Ибо «сегодня» — слово, которое вправе употреблять лишь самоубийцы, для всех иных оно решительно не имеет смысла, «сегодня» — просто обозначение любого безразличного для них дня, в том числе и нынешнего, они понимают, что им снова предстоит восемь часов работать или провести свободный день, что понадобится кое-куда сходить, сделать кое-какие покупки, прочесть утреннюю и вечернюю газету, выпить кофе; о чем-то случится забыть, с кем-то встретиться, кому-то позвонить, — в общем, это день, когда что-то должно произойти или, вернее, когда происходит не Бог весть что.

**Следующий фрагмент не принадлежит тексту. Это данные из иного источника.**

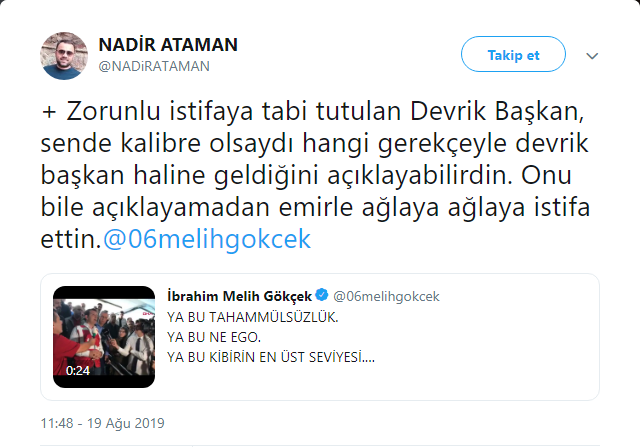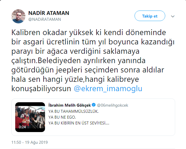Gündem Yayınlanma: 19 Ağustos 2019 - 22:33 Güncelleme: 19 Ağustos 2019 - 23:46 CHP'li Nadir Ataman'dan Sert Cevap Gündem 19 Ağustos 2019 - 22:33 Güncelleme: 19 Ağustos 2019 - 23:46 TAKİP ET Yazdır A Büyüt A Küçült CHP'li Nadir Ataman'dan Melih Gökçek'in Tweetine Sert Cevap İlginizi Çekebilir ABD, Esenyurt'taki tekstil firmasını kara listeye aldı! SON DAKİKA: WhatsApp’ta Gizlilik Alarmı! Kapalı Grup Paylaşımı Tutuklamayla Sonuçlandı AZİZ İHSAN AKTAŞ DAVASINDA 5 İSİM TAHLİYE EDİLDİ Eski bakanın şirketine kartel cezası Son Haberler ABD, Esenyurt'taki tekstil firmasını kara listeye aldı! CHP’li Ataşehir Belediyesi’ndeki kirli çarkta ‘Ekrem İmamoğlu’... SON DAKİKA: WhatsApp’ta Gizlilik Alarmı! Kapalı Grup Paylaşımı... BEŞİKTAŞ’TA 23 NİSAN DÜNYA BARIŞ PARKI’NDA KUTLANACAK AZİZ İHSAN AKTAŞ DAVASINDA 5 İSİM TAHLİYE EDİLDİ CHP'li Özgür Özel: AKP iktidarı yine faşizmi seçti CHP'li Özgür Özel: AKP iktidarı yine faşizmi seçti

Зато когда я произношу слово «сегодня», дыхание у меня становится неровным, начинается аритмия, которую теперь можно установить даже по электрокардиограмме, правда, ее рисунок не показывает истинную причину — мое «сегодня», всегда новое, гнетущее, — однако я могу представить доказательство этого расстройства, составленное на лаконичном медицинском жаргоне, доказательство того, что у меня предшествует приступу страха, вызывает предрасположенность к нему, метит знаком, расстройства сегодня еще функционального, — так говорят, так думают они, знатоки доказательств. Боюсь однако, что виной всему — «сегодня», слишком волнующее для меня, слишком безмерное, слишком захватывающее, и с этой патологической взволнованностью до последнего дыхания будет сопряжено для меня «сегодня».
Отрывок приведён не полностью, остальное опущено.